Australia's six largest deserts are the Great Victoria Desert (134,650 square miles), the Great Sandy Desert (103,190), the Tanami Desert (71,200), the Simpson Desert (68,100), the Gibson Desert (60,000) and the Little Sandy Desert (43,100). These all occupy an area that stretches from the west coast to a little more than half–way across the land mass. The Tanami is the most northerly, the Great Victoria the most southerly, the Great Sandy the most westerly and the Simpson the most easterly.
The name Tanami is thought to be an anglicisation of the aboriginal name for the area, Chanamee, meaning 'never die'. This refers to certain rock holes in the desert which were said never to run dry.
The Gibson and Little Sandy deserts lie between the Great Victoria and the Great Sandy. So clockwise from the top, they are the Tanami, the Simpson, the Great Victoria, the Gibson, the Little Sandy and the Great Sandy.

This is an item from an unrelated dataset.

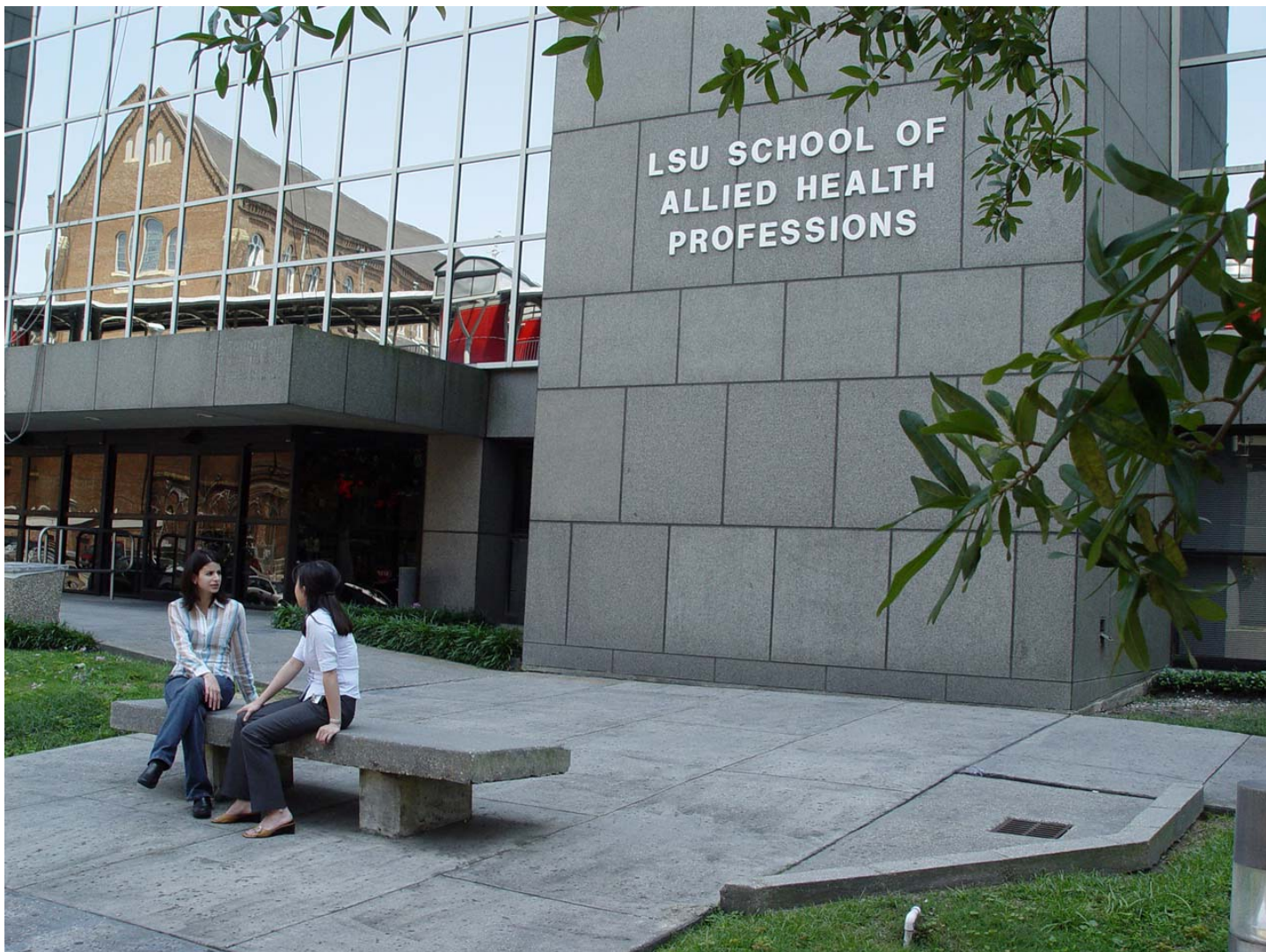
LSU Health Sciences Center in New Orleans School of Allied Health Professions

A picture is worth a thousand words, so here is a link to a map on Wikipedia. This shows that Uluru (a.k.a. Ayers Rock) is in the far south–eastern corner of the Great Sandy Desert, and the town of Alice Springs lies in a less arid area between the Great Sandy and Simpson deserts. Both (Uluru and Alice Springs) are close to the centre of the desert areas.